Excerpted records:
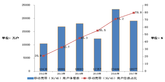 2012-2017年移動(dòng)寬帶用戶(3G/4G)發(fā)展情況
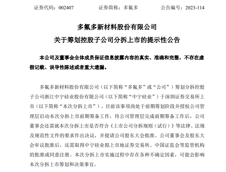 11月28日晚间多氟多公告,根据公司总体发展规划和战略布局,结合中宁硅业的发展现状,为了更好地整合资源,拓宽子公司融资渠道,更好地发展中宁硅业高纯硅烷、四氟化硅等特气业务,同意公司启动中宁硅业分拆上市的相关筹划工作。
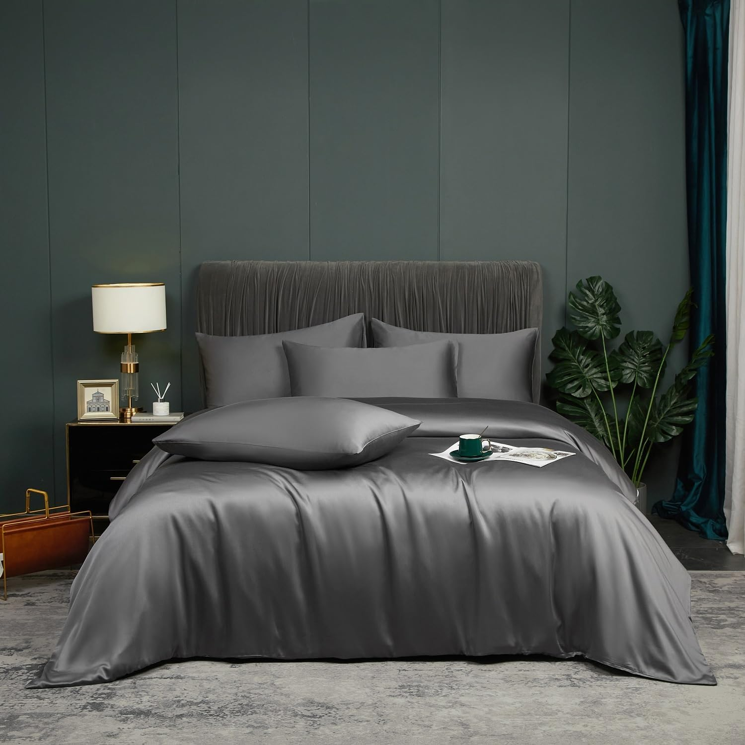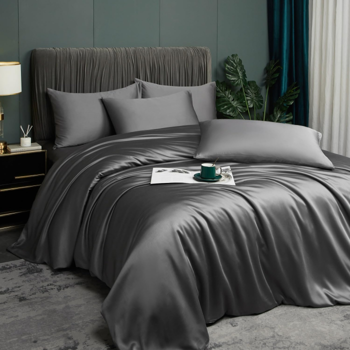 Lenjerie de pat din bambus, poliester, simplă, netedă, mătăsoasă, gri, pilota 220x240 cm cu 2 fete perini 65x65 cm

...

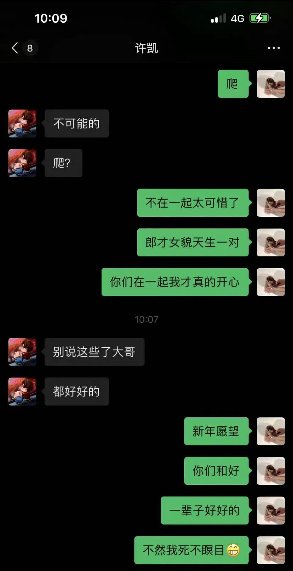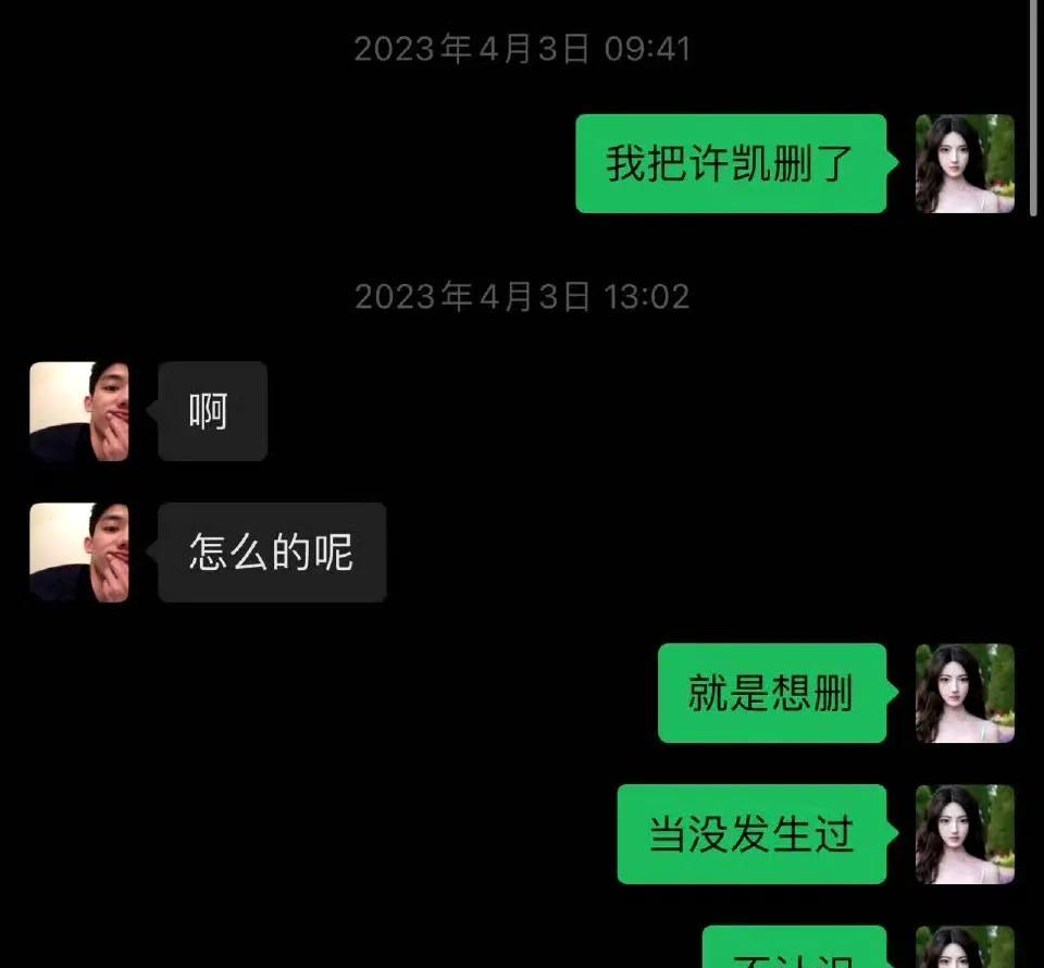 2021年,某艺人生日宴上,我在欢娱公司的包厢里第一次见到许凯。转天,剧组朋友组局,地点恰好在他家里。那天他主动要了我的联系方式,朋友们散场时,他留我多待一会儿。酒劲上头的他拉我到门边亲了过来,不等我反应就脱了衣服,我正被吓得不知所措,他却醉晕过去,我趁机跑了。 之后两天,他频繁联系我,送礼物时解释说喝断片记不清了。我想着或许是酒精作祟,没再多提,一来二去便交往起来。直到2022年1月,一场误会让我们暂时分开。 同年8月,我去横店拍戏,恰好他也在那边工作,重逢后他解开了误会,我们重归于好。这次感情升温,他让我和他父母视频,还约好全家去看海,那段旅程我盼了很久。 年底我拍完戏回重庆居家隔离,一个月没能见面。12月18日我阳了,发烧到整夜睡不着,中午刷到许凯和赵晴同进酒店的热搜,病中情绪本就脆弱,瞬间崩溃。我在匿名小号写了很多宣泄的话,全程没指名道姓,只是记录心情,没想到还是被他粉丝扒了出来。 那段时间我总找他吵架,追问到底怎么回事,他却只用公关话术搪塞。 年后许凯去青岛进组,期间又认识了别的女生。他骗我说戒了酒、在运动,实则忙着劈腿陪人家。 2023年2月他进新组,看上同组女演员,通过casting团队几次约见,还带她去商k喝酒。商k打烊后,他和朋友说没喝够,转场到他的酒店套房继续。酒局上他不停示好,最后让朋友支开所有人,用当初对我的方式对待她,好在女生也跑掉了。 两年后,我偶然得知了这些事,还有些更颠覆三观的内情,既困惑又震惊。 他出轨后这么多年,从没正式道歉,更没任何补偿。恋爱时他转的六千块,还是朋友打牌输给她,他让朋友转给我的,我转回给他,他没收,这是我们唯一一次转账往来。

Prompt:
The stretch to restate runs from the line above containing "2012-2017年移動(dòng)寬帶用戶(3G/4G)發(fā)展情況" through the line containing "11月28日晚间多氟多公告,根据公司总体". Copy it word for word, ends included, without pictures.

Completed exercise:
 2012-2017年移動(dòng)寬帶用戶(3G/4G)發(fā)展情況
 11月28日晚间多氟多公告,根据公司总体发展规划和战略布局,结合中宁硅业的发展现状,为了更好地整合资源,拓宽子公司融资渠道,更好地发展中宁硅业高纯硅烷、四氟化硅等特气业务,同意公司启动中宁硅业分拆上市的相关筹划工作。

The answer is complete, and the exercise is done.